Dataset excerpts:
━━━━━━━━━━━━━━━━━━━━━━━━━━━━━━
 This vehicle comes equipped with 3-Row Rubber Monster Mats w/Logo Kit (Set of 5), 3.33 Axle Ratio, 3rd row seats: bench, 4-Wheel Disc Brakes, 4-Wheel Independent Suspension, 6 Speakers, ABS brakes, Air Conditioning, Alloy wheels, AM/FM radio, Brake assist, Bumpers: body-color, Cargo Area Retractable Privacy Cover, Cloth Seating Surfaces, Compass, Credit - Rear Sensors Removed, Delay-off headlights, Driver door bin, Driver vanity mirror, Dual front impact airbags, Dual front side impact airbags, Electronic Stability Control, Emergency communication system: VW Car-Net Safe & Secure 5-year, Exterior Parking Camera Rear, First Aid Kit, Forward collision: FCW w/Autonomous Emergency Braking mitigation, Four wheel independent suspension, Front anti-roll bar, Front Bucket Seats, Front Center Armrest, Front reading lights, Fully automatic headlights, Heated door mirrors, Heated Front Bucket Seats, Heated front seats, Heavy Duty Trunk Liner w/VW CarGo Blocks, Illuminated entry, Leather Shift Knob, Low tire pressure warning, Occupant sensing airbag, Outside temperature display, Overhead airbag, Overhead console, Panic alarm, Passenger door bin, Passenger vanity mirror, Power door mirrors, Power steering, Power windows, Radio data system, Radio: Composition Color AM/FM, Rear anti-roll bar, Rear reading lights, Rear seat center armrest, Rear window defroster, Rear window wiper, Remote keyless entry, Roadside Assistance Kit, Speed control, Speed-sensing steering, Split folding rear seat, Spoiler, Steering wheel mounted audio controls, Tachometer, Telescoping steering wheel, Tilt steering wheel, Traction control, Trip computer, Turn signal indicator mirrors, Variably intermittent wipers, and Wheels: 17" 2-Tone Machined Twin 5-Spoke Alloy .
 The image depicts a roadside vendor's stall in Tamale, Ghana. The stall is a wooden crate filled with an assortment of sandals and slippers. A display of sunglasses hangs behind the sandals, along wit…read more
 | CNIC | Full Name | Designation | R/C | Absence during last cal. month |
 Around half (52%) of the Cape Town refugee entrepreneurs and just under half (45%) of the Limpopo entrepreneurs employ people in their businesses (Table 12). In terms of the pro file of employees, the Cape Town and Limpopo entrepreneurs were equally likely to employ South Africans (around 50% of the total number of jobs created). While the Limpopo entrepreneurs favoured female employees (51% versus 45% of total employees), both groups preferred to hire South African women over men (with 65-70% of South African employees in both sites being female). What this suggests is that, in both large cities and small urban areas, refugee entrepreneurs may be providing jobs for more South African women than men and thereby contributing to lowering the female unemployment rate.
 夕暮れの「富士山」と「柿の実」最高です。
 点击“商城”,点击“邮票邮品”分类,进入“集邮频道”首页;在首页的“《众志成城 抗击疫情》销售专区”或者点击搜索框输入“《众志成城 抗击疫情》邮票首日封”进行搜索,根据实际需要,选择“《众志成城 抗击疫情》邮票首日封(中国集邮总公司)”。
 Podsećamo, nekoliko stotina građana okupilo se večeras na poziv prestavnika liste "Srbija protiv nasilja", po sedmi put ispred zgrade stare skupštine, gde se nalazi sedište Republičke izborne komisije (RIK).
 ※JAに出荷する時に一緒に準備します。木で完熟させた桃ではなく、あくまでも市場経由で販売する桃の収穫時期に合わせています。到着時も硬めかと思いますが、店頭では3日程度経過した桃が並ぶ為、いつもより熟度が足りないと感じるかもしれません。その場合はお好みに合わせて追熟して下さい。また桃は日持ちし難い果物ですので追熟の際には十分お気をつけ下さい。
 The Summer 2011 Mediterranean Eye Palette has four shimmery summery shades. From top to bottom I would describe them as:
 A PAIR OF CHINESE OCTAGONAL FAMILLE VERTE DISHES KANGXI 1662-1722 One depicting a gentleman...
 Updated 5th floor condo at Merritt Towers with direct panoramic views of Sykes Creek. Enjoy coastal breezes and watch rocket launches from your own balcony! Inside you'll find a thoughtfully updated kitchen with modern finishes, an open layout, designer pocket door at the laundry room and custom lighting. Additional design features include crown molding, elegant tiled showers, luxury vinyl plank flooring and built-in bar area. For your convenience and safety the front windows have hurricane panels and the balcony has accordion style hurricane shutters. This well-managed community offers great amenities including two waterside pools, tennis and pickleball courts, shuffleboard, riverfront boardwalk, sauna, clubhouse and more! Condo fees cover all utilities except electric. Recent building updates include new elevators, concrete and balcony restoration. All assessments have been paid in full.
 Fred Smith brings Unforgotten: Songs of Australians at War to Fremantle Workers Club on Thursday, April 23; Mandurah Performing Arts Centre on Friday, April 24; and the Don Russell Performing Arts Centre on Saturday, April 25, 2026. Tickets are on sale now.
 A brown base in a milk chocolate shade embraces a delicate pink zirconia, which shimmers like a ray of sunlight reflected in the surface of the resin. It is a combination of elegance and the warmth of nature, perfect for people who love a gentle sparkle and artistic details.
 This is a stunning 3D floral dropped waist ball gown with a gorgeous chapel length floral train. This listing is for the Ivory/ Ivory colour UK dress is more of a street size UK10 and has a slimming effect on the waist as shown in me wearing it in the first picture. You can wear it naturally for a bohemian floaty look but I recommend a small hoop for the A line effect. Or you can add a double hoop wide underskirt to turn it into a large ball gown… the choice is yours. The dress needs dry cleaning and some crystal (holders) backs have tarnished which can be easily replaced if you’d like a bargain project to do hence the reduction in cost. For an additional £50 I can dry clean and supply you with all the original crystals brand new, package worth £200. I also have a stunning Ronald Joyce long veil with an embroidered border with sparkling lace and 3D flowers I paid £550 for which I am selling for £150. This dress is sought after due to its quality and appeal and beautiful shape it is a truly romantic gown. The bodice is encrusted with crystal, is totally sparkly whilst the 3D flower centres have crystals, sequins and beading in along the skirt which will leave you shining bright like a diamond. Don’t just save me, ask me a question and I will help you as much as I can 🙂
━━━━━━━━━━━━━━━━━━━━━━━━━━━━━━
> How to complete this task: Pull every line containing "people" from the entries above and copy it.

> Exercise solution:
 Around half (52%) of the Cape Town refugee entrepreneurs and just under half (45%) of the Limpopo entrepreneurs employ people in their businesses (Table 12). In terms of the pro file of employees, the Cape Town and Limpopo entrepreneurs were equally likely to employ South Africans (around 50% of the total number of jobs created). While the Limpopo entrepreneurs favoured female employees (51% versus 45% of total employees), both groups preferred to hire South African women over men (with 65-70% of South African employees in both sites being female). What this suggests is that, in both large cities and small urban areas, refugee entrepreneurs may be providing jobs for more South African women than men and thereby contributing to lowering the female unemployment rate.
 A brown base in a milk chocolate shade embraces a delicate pink zirconia, which shimmers like a ray of sunlight reflected in the surface of the resin. It is a combination of elegance and the warmth of nature, perfect for people who love a gentle sparkle and artistic details.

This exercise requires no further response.